§ Task:
Exact duplicates of the lines from the top of the data through the line containing "If you get lost" are needed, with every picture left out.
+ + +
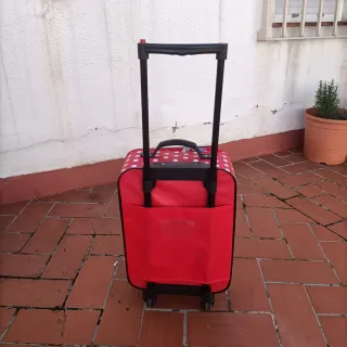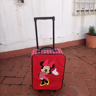 Maleta infantil con el diseño de Minnie Mouse. - Color rojo con lunares blancos. - Personaje de Disney. - Ruedas para facilitar el transporte. -Bolsillo interior para guardar cosas y gomas elásticas para que la ropa no se mueva. -Se regala mochila de Minnie Mouse a juego y Bolsa mochila.
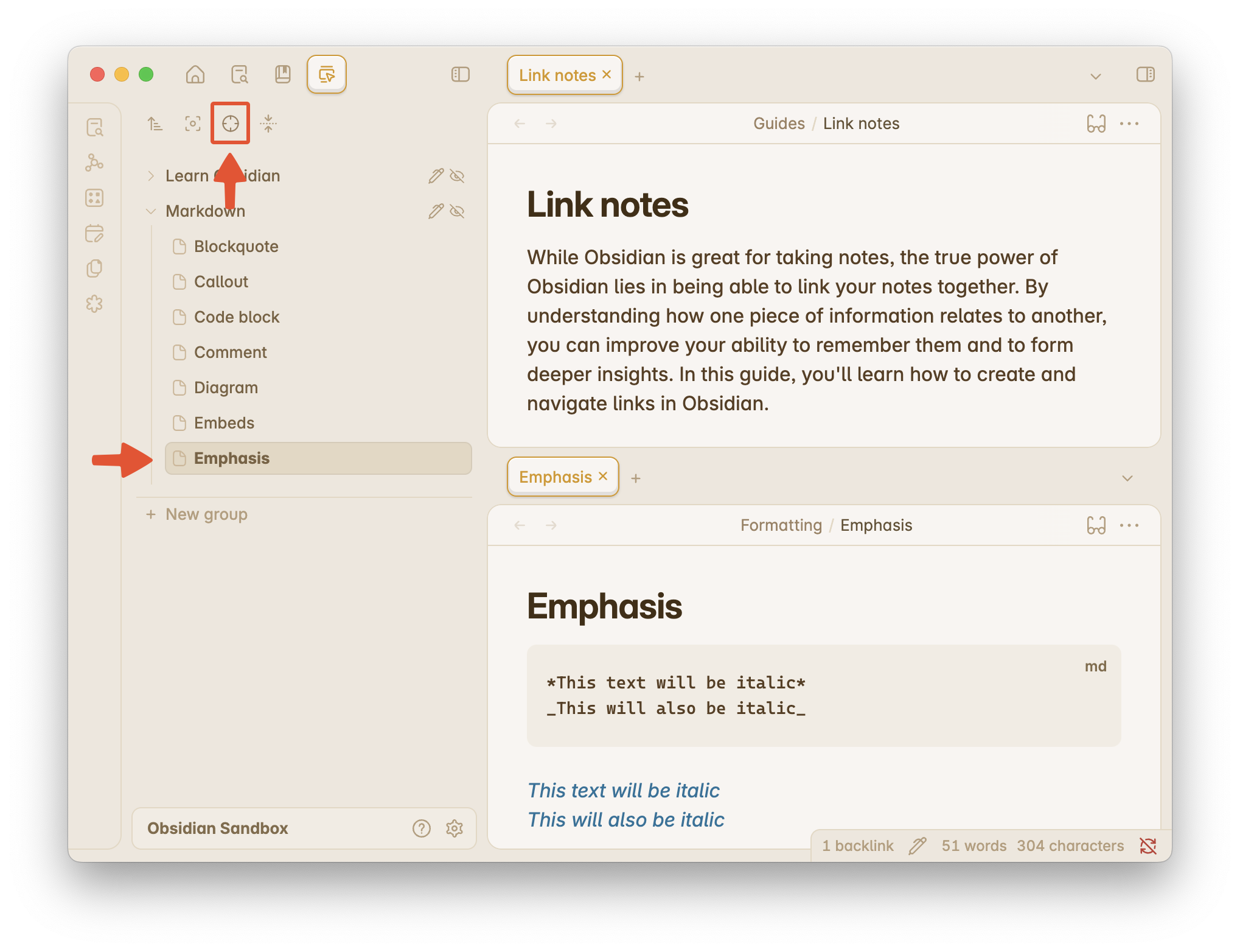 If you get lost in your workspace and can’t find the active tab in Vertical Tabs, click the target icon (), and it will reveal and scroll to that tab.
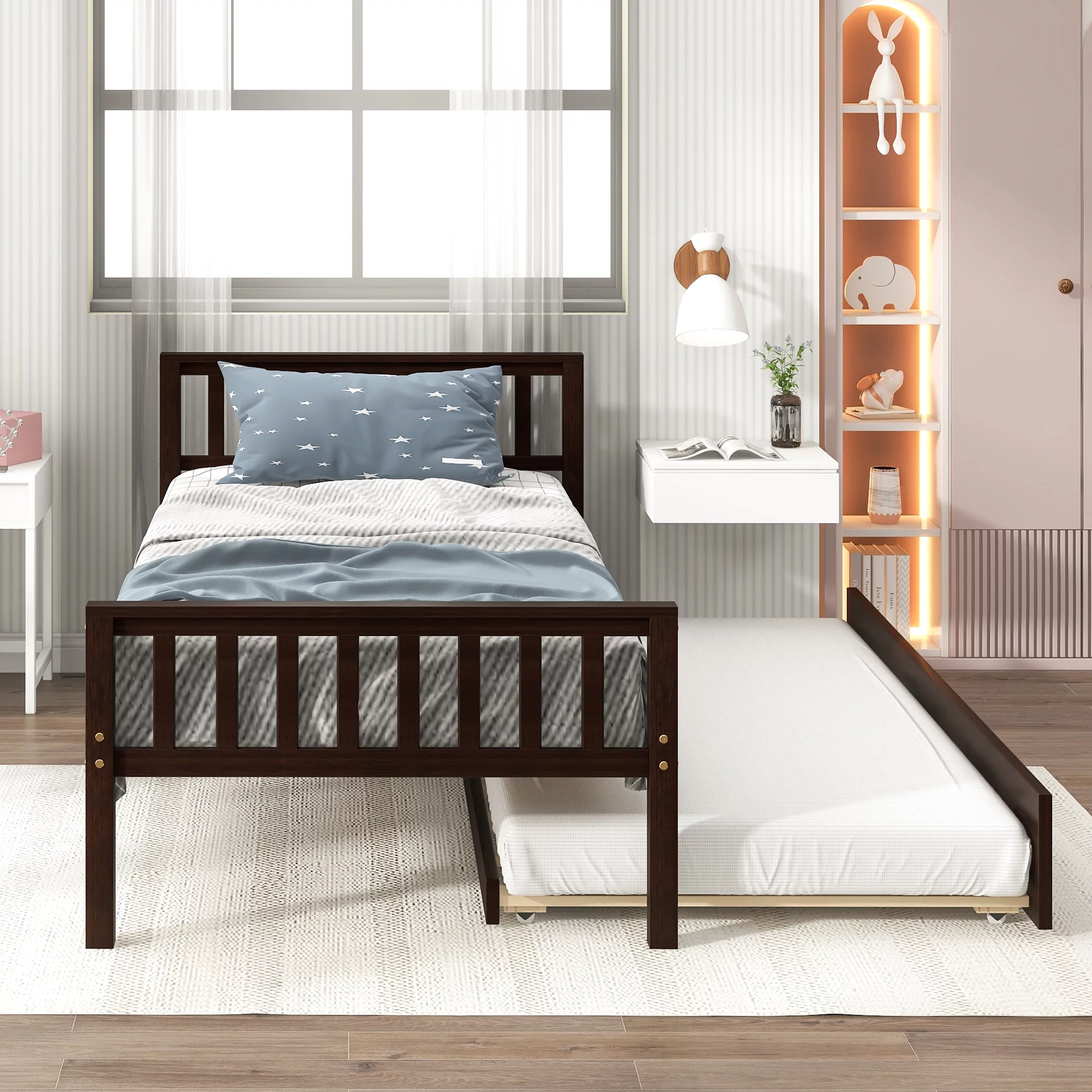 uhomepro Wood Twin Platform Bed with Headboard & Footboard & Trundle for Child, Espresso
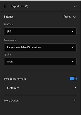 选择预设选项以将您的照片快速导出为 JPG(小)、JPG(大)或原始图像。
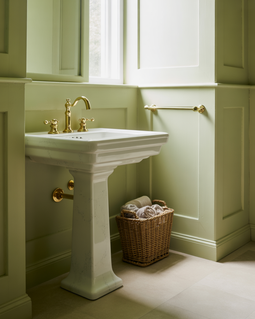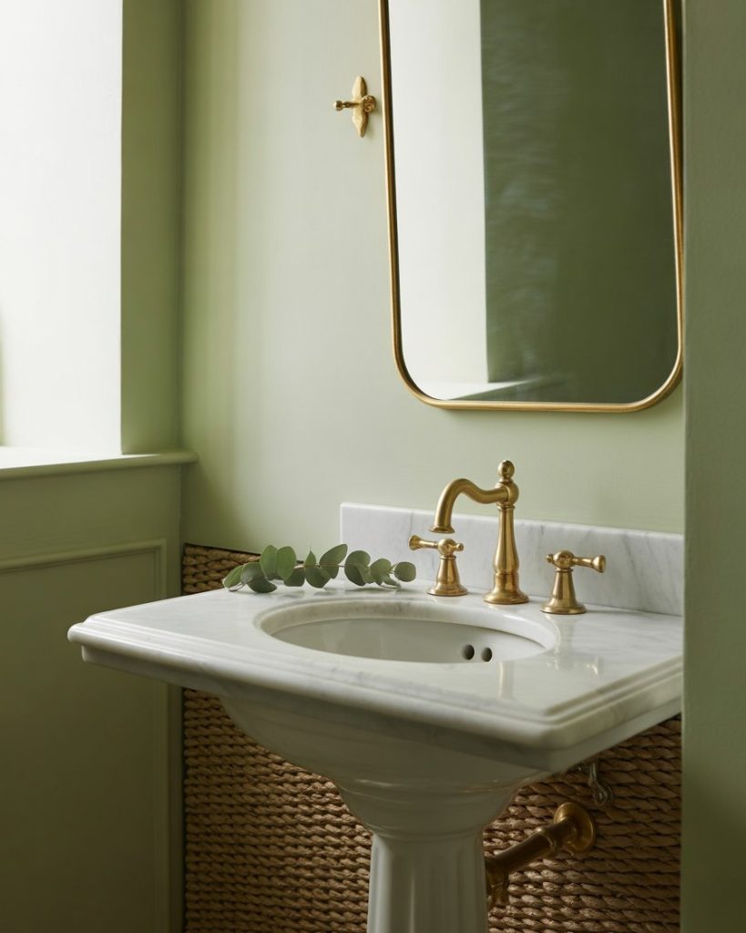 The soft green palette brings calm and freshness into a small powder room. Pair sage walls with brushed brass finishes and a nice slim pedestal sink to keep things in balance. Natural light keeps that organic vibe going; linen or bamboo décor brings in texture. This concept is a classic yet modern luxury trot along the pathway of Mother Nature’s lungs!
+ + +
§ Exercise result:
 Maleta infantil con el diseño de Minnie Mouse. - Color rojo con lunares blancos. - Personaje de Disney. - Ruedas para facilitar el transporte. -Bolsillo interior para guardar cosas y gomas elásticas para que la ropa no se mueva. -Se regala mochila de Minnie Mouse a juego y Bolsa mochila.
 If you get lost in your workspace and can’t find the active tab in Vertical Tabs, click the target icon (), and it will reveal and scroll to that tab.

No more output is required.